Related Links: Steven Levitt's response to Scheiber's argument, and Scheiber's response to Levitt.
One of the few papers I actually read as a grad student was written by a pair of economists named Josh Angrist and Alan Krueger. In the early '90s, Angrist and Krueger set off to resolve a question that had been gnawing at economists for decades: Does going to school increase your future wages? Intuitively, it seemed obvious that it did. When you compared the salaries of, say, Ph.D.s with those of high-school dropouts, the grad-school set almost always did better. The question was whether education accounted for the difference. What if it was simply the case that smarter people spent more time in school and that their bigger salaries reflected intelligence, not education? One couldn't be sure. The only way to get to the bottom of it would be a ghastly social experiment, wherein you took a group of students and randomly sent half to the local vo-techinstitute while forcing the other half to study feminist literary theory. Even an economist wouldn't be so audacious.

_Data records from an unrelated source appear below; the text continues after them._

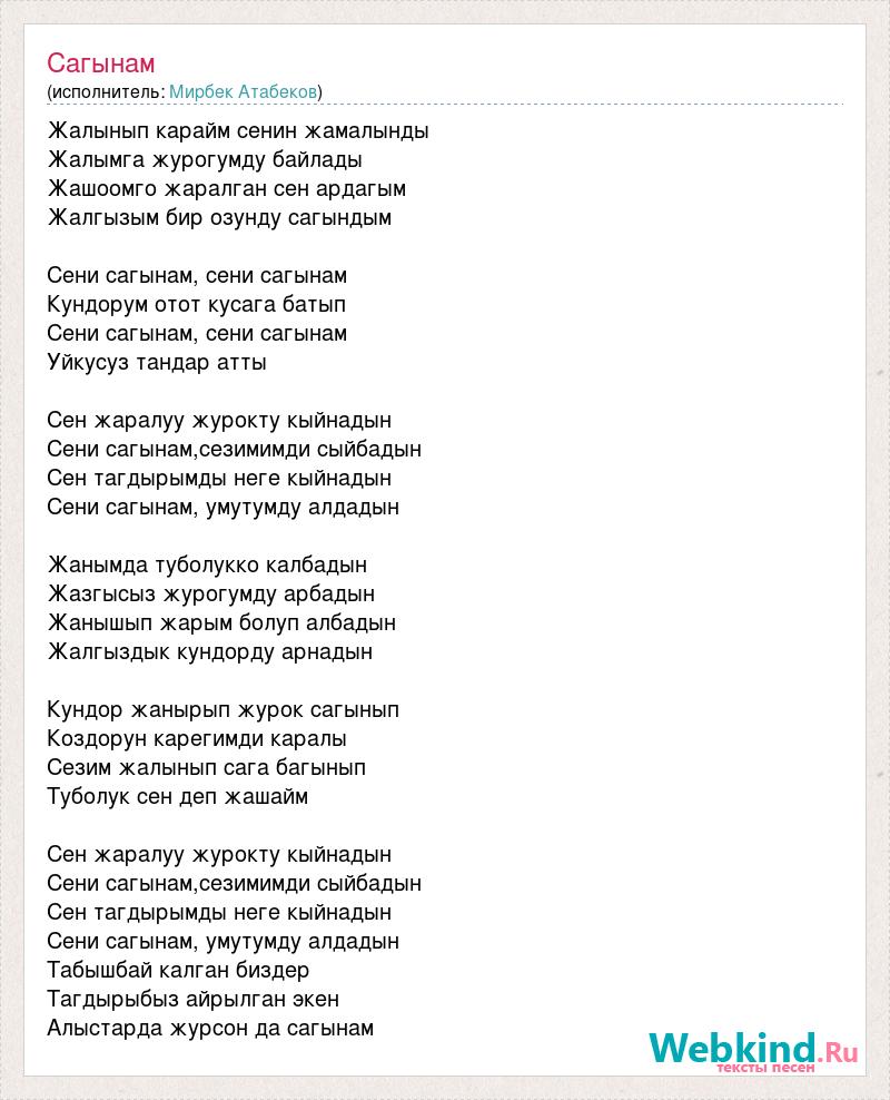 Жалынып карайм сенин жамалынды Жалымга журогумду байлады Жашоомго жаралган сен ардагым Жалгызым бир озунду сагындым Сени сагынам, сени сагынам Кундорум отот кусага батып Сени сагынам, сени сагынам Уйкусуз тандар атты Сен жаралуу журокту кыйнадын Сени сагынам,сезимимди сыйбадын Сен тагдырымды неге кыйнадын Сени сагынам, умутумду алдадын Жанымда туболукко калбадын Жазгысыз журогумду арбадын Жанышып жарым болуп албадын Жалгыздык кундорду арнадын Кундор жанырып журок сагынып Коздорун карегимди каралы Сезим жалынып сага багынып Туболук сен деп жашайм Сен жаралуу журокту кыйнадын Сени сагынам,сезимимди сыйбадын Сен тагдырымды неге кыйнадын Сени сагынам, умутумду алдадын Табышбай калган биздер Тагдырыбыз айрылган экен Алыстарда журсон да сагынам
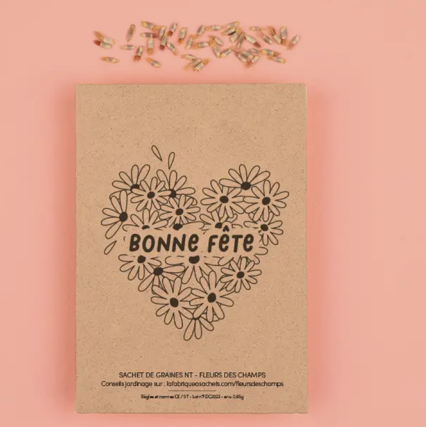 Un petit cadeau à faire pour souhaiter une bonne fête à quelqu’un ? Ce petit présent fabriqué à Nantes est une chouette idée cadeau à petit prix. Si vous souhaitez offrir un présent à vos proches, ce petit sachet de graines sera une attention délicate (et fleurie). Ce sachet de graines à planter laissera un souvenir dans le temps, pour montrer votre amour à vos amis ou vos proches. Les sachets sont en papier recyclable, sur lesquels vous retrouverez un petit message d’amour.
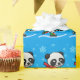 Um inverno bonito, ou o feriado do Natal, ilustração de um urso de panda que veste um lenço vermelho e skates de gelo estão patinando. Os flocos de neve de queda estão no fundo. Em um fundo dos azul-céu. As opções, mantêm como é, ou personalizam e escolhem toda a cor do fundo, usam a seleção do eyedropper e do avanço para considerar mais da escala de cores. Divertimento para miúdos ou adultos para um aniversário ou uns eventos sazonais.
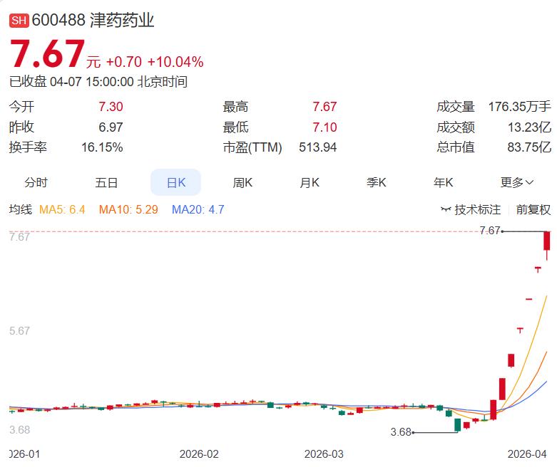 2026年4月7日多家公司发布利空消息,1家公司发布了减持超过1% 一,减持公告 和而泰:控股股东、实控人减持超过1%股份实施完成 二,人气龙头、热门股 津药药业:7连板 新能泰山:10天8板 汇源通信:3连板 大胜达:14天7板 国晟科技:6天3板 齐翔腾达:4天2板 巨星农牧:3天2板 圣泉集团:2连板 翠微股份:2连板 深圳华强:今日涨停 金正大:今日涨停 康强电子:今日涨停 诚志股份:今日涨停 通化金马:今日涨停 合盛硅业:今日涨停 三,龙虎榜(净买入或净卖出) 净买入: 深圳华强:龙虎榜净买入1.59亿元 赤天化:营业部席位净买入8685.41万元 航天电器:机构净买入2.06亿元(三机构) 新中港:龙虎榜净买入5079.70万元 净卖出: *ST国华:龙虎榜净卖出234.12万元 今日减持公告仅和而泰一家,控股股东减持超1%落地。人气股方面,医药板块延续强势,津药药业晋级7连板成市场最高标,新能泰山10天8板,光通信及有机硅概念受政策刺激活跃,合盛硅业等多股涨停。龙虎榜显示,深圳华强获净买入1.59亿元,航天电器获三机构净买入2.06亿元,资金聚焦科技及军工方向;赤天化获营业部净买入8685万元。整体看,市场热点聚焦医药、光通信及有机硅板块,需警惕高位股分化风险。
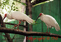 朱(擐右側加鳥)是中國最瀕危的野生動物,全世界僅存二百只左右,堪稱世界珍寶。北京動物園從八十年代中期試驗人工飼養(yǎng)繁殖,目前已發(fā)展到二十二只。其中十四歲的青青(左)和"丈夫"平平十年來年年產(chǎn)卵繁殖后代,對延襲朱(擐右側加鳥)家族貢獻巨大。
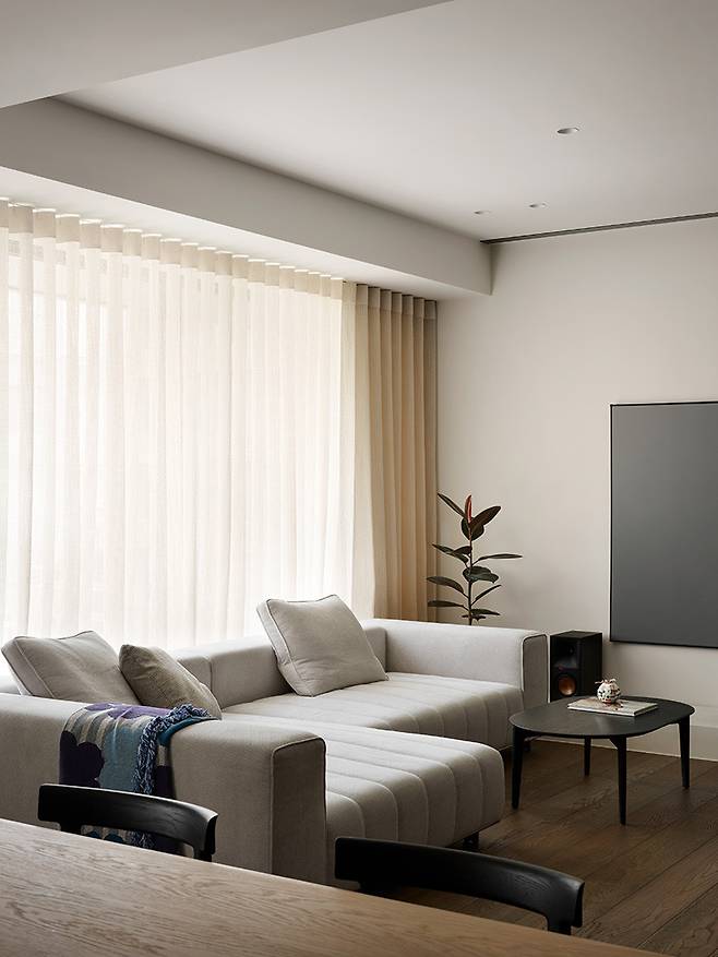 이 집에서 가장 독특한 건 소파 배치다. 보통은 소파를 TV 앞에 둔다. 그런데 이 집은 다르다. 소파를 창가 쪽으로 돌려놓았다.
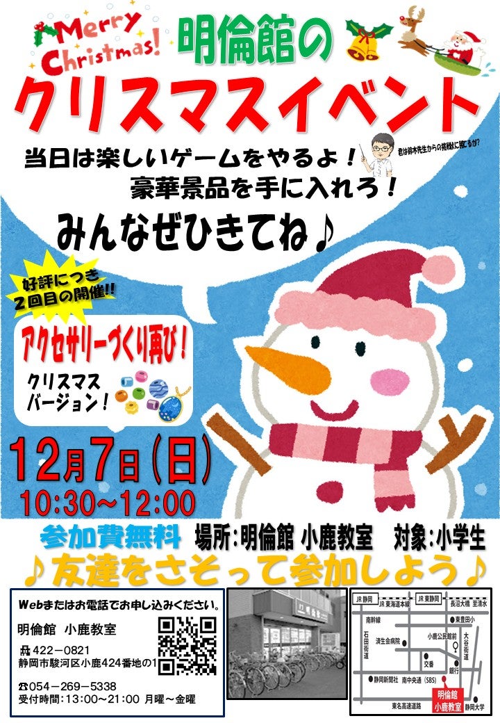 クリスマスイベントのお知らせ 2025年11月23日 最終更新日時 : 2025年11月27日 nagakurahideki こんにちは。 明倫館小鹿教室です。 もう11月もあと一週間ほどになりますね。 そして早いものでもう12月となります。 12月は、いろいろな楽しいイベントがございますね。 そこで!! 明倫館では、12月7日(日)にクリスマスイベントを開催いたします! 参加申し込み受付中です! 明倫館小鹿教室 ☎054-269-5338 是非とも、お友達を誘って参加してみてはどうでしょう。
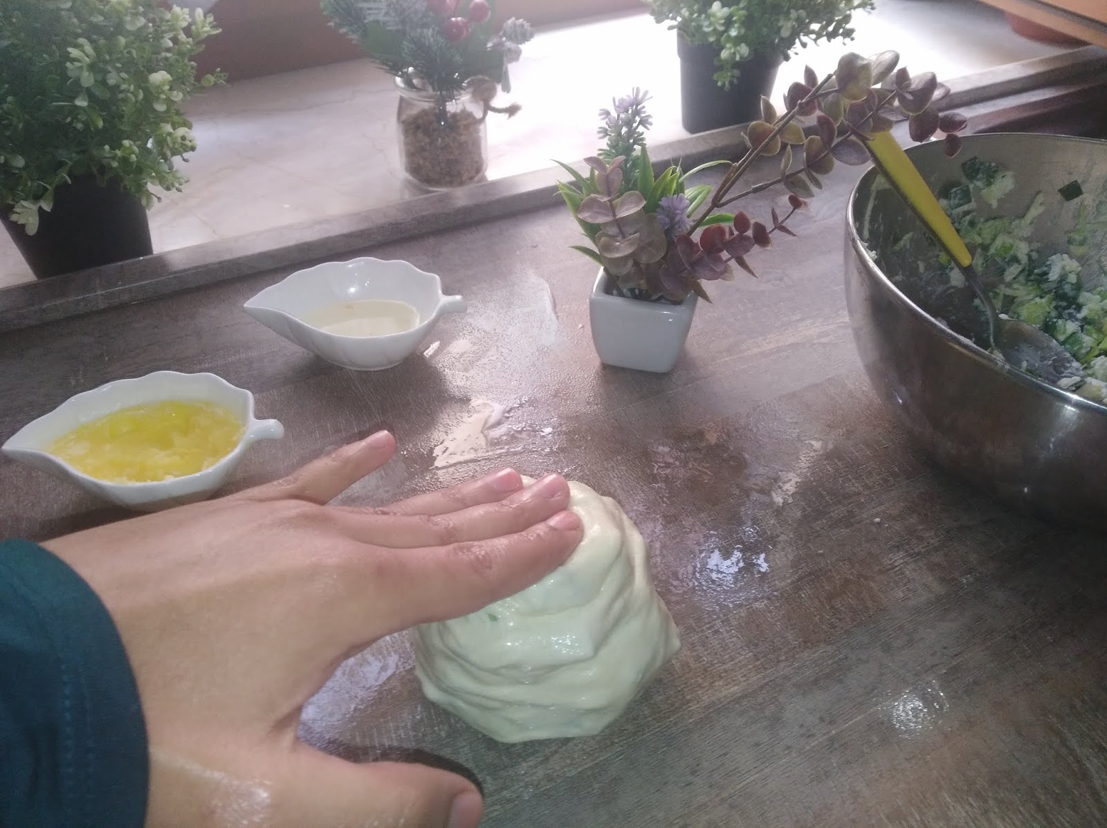 نبسط عجين الملوي و نضع فتحة بالسكين كما في الصورة

That's where Angrist and Krueger came in. In the paper, they pointed out that two features of the public school system allowed you to answer the question without all the uproar. First, most states force students to attend school until age 16. Second, for many decades, students started school the year they turned six. The upshot was that, if I were born in January and you were born in December of the same year, and we both dropped out at 16, then the rules forced you to stay in school almost one year longer. (We’d start school the same year, but I'd turn 16 midway through tenth grade and you'd hit 16 midway through eleventh.) The additional schooling foisted upon one group by this arbitrary state of affairs produced a scaled-down version of our experiment, allowing Angrist and Krueger to conclude that education did, in fact, help people earn more money.